Pada awalnya, dia mengerjakan seluruh pesanan kue dengan menggunakan oven mini tersebut. Bagi Leni, masa-masa merintis usaha merupakan masa penuh perjuangan.
Kendati rasa kuenya sudah enak di lidah, nastar buatannya tidak lantas diminati konsumen. "Saya pun sering sedih karena produk saya belum laku terjual," kenangnya.
Namun, ia tidak putus asa. Dengan dibantu suaminya, ia terus mempromosikan kue bikinannya. Bila suaminya sedang ke kantor, dia kerap membawa nastar bikinannya untuk ditawarkan kepada rekan kerjanya.
Selain suaminya, saudara-saudaranya juga banyak membantu memasarkan nastar bikinan Leni. Ingin membidik konsumen yang lebih luas, ibu dua anak ini juga menggunakan media digital sebagai media promosi.
Gayung bersambut, kue kering miliknya mulai ramai diserbu pembeli. Di bulan-bulan awal, jumlah pesanan kue nastarnya hanya sekitar 30 toples hingga 70 toples. Seiring brand Clio yang makin kuat, jumlah pelanggannya juga terus bertambah.
Setelah pasarnya membesar, ia lalu menaikkan harga jual kuenya dari sebelumnya Rp 70.000 menjadi Rp 150.000 per toples. Kenaikan harga tak bisa dihindari karena Leni menaikkan mutu dan kualitas kuenya dengan memakai bahan-bahan pilihan. Kendati harga naik, pelanggannya tidak langsung pergi.

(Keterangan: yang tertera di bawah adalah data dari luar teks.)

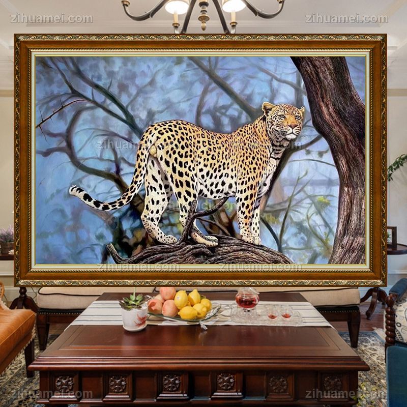 • 超写实动物油画纯手绘油画豹子图金钱豹客厅大厅油画

Kue bikinannya masih tetap dicari. Biasanya, Leni kebanjiran pesanan kue kering saat menjelang Hari Raya Idul Fitri. "Lebaran tahun ini total pesanan khusus nastar saja mencapai 1.200 toples," katanya.
Bila sebelumnya hanya dikerjakan sendiri, kini Leni sudah mempekerjakan tujuh karyawan. Peralatannya juga sudah bukan oven mini lagi. Kini ia sudah memakai empat oven pabrikan untuk memproduksi seluruh pesanan konsumen.
Seiring usahanya yang terus berkembang, pada 2008 Leni juga mulai melakukan diversifikasi produk dengan membuat kue ulang tahun dan pernikahan. Untuk menghasilkan produk berkualitas dan bagus, ia belajar ke luar negeri, seperti Australia dan Singapura.
Leni tertarik belajar di dua negara itu karena di sana ada ahli kue dan dekorasi. Sepulang dari Australia untuk belajar dekorasi kue, wanita berambut panjang langsung mengaplikasikannya.